Exactly as written, please repeat the data that follows, but not the pictures.

Supplied material
━━━━━━

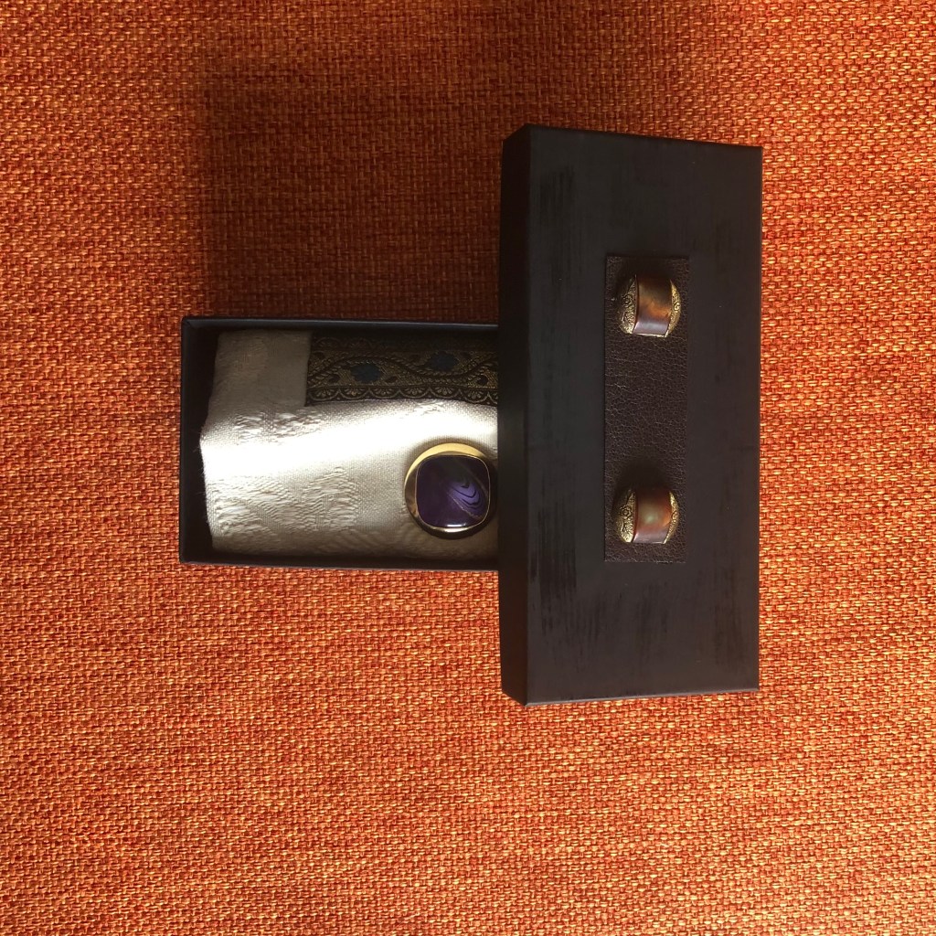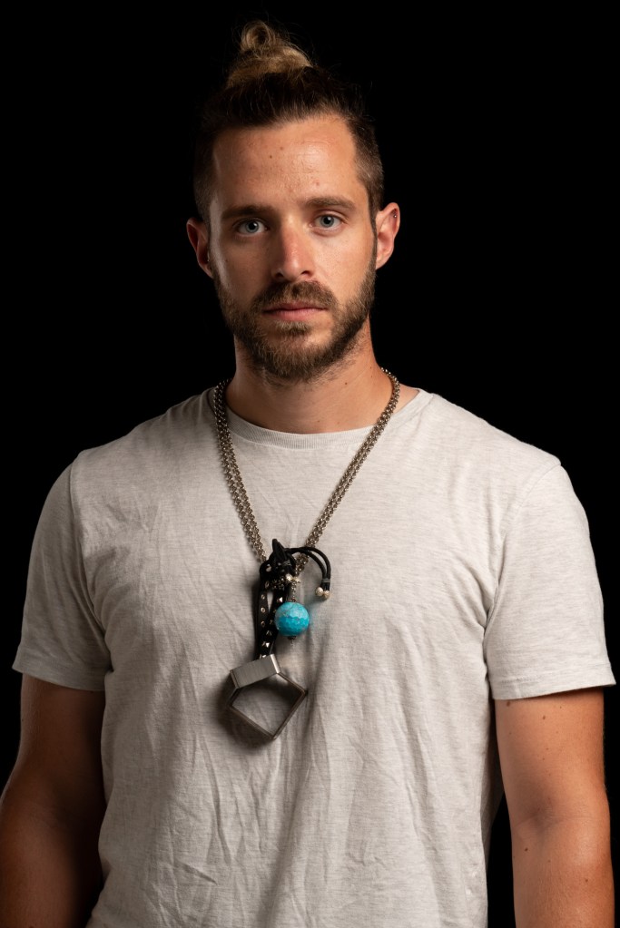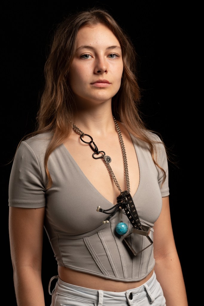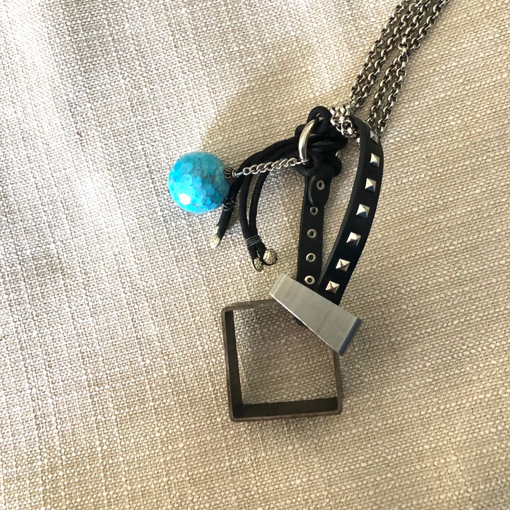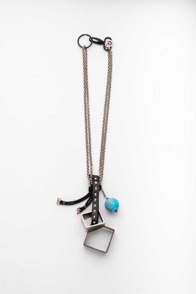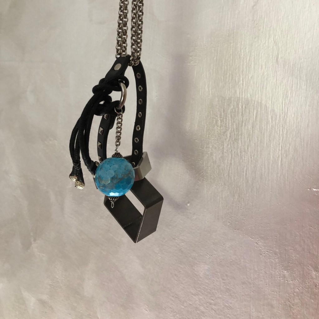 Catena color argento con ciondolo. Il ciondolo è un incastro, non risolutivo, di due pezzi industriali, un’azzurrina di forma sferica e anche poliedrica con circa un centinaio di facce, un pezzo di pelle con puntature piramidali di acciaio che un tempo faceva parte di un bracciale in stile sadomaso.
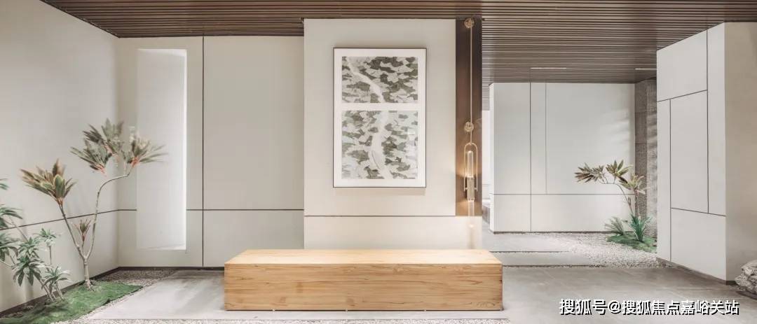 充满仪式感的归家线路;地上入户大堂采用中式经典构图方法——框景,打造未进门,先见景的效果。中国人一直讲究,生活中处处有景。框景的工艺就是能做到从任何一个框望过去都是景色,角度不同景色也不同,一步一景的效果。
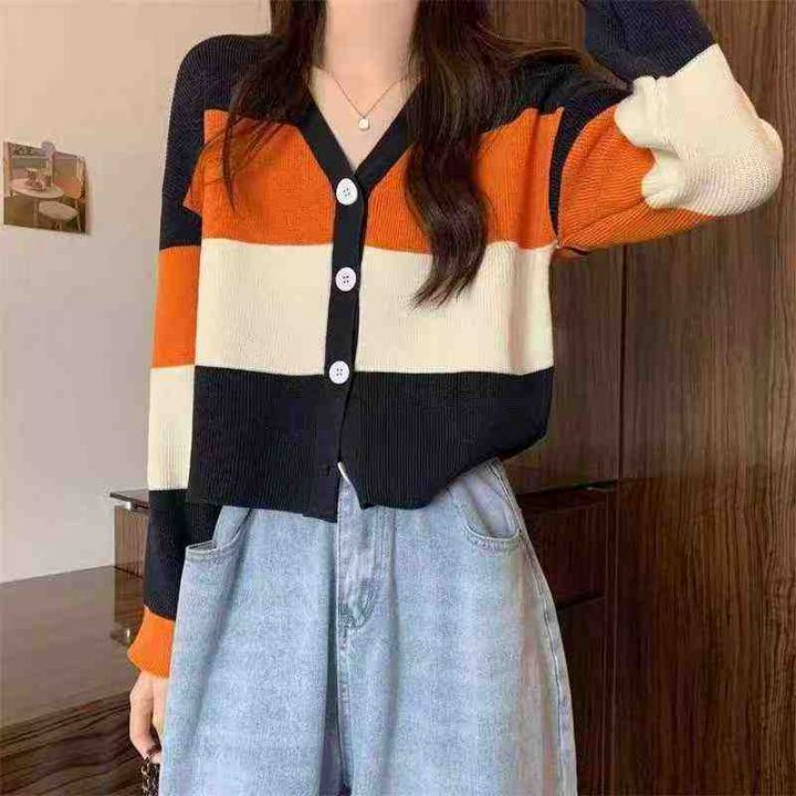 秋冬新款宽松慵懒风百搭撞色条纹针织毛衣开衫,独立包装,均码面料软糯舒适...
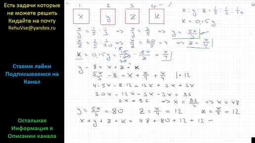 Математика Ученик читал книгу 4 дня. Число страниц, прочитанных им в первые три дня, относятся как 1/5 : 1/3 : 1/20. В четвертый день он

━━━━━━

Task output
 Catena color argento con ciondolo. Il ciondolo è un incastro, non risolutivo, di due pezzi industriali, un’azzurrina di forma sferica e anche poliedrica con circa un centinaio di facce, un pezzo di pelle con puntature piramidali di acciaio che un tempo faceva parte di un bracciale in stile sadomaso.
 充满仪式感的归家线路;地上入户大堂采用中式经典构图方法——框景,打造未进门,先见景的效果。中国人一直讲究,生活中处处有景。框景的工艺就是能做到从任何一个框望过去都是景色,角度不同景色也不同,一步一景的效果。
 秋冬新款宽松慵懒风百搭撞色条纹针织毛衣开衫,独立包装,均码面料软糯舒适...
 Математика Ученик читал книгу 4 дня. Число страниц, прочитанных им в первые три дня, относятся как 1/5 : 1/3 : 1/20. В четвертый день он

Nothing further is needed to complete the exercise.